__How to complete this task__: Every line of the listing below is to be repeated exactly; the pictures stay out.

__Stored data__:
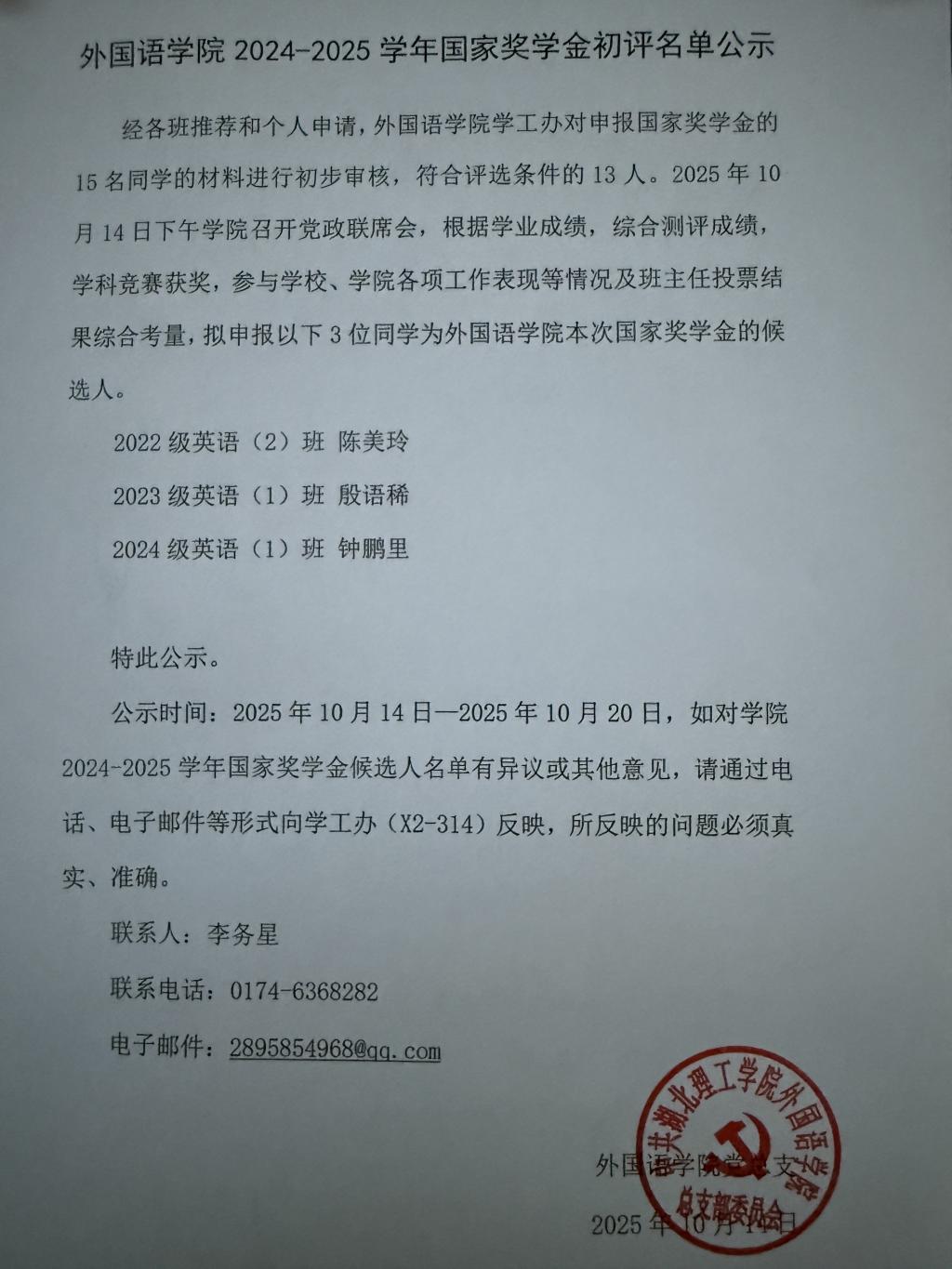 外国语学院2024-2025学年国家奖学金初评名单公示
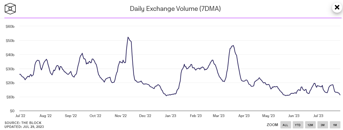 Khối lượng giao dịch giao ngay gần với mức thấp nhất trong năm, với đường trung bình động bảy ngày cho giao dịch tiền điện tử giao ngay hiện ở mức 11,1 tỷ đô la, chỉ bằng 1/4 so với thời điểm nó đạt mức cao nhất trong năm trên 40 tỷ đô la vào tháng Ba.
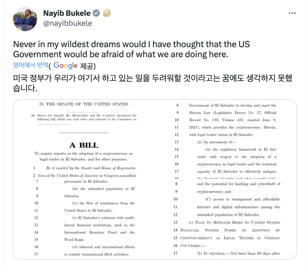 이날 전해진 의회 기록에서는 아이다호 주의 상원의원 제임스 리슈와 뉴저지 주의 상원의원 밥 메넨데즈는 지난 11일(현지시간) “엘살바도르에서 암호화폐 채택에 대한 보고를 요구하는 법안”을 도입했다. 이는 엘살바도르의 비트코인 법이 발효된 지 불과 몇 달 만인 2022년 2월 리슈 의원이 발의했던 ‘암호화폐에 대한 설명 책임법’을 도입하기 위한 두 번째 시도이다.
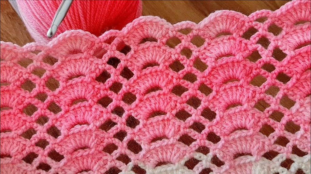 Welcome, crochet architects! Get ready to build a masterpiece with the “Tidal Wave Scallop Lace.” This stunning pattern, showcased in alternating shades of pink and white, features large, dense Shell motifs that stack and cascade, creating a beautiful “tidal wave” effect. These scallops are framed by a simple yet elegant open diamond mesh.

__Answer to this exercise__:
 外国语学院2024-2025学年国家奖学金初评名单公示
 Khối lượng giao dịch giao ngay gần với mức thấp nhất trong năm, với đường trung bình động bảy ngày cho giao dịch tiền điện tử giao ngay hiện ở mức 11,1 tỷ đô la, chỉ bằng 1/4 so với thời điểm nó đạt mức cao nhất trong năm trên 40 tỷ đô la vào tháng Ba.
 이날 전해진 의회 기록에서는 아이다호 주의 상원의원 제임스 리슈와 뉴저지 주의 상원의원 밥 메넨데즈는 지난 11일(현지시간) “엘살바도르에서 암호화폐 채택에 대한 보고를 요구하는 법안”을 도입했다. 이는 엘살바도르의 비트코인 법이 발효된 지 불과 몇 달 만인 2022년 2월 리슈 의원이 발의했던 ‘암호화폐에 대한 설명 책임법’을 도입하기 위한 두 번째 시도이다.
 Welcome, crochet architects! Get ready to build a masterpiece with the “Tidal Wave Scallop Lace.” This stunning pattern, showcased in alternating shades of pink and white, features large, dense Shell motifs that stack and cascade, creating a beautiful “tidal wave” effect. These scallops are framed by a simple yet elegant open diamond mesh.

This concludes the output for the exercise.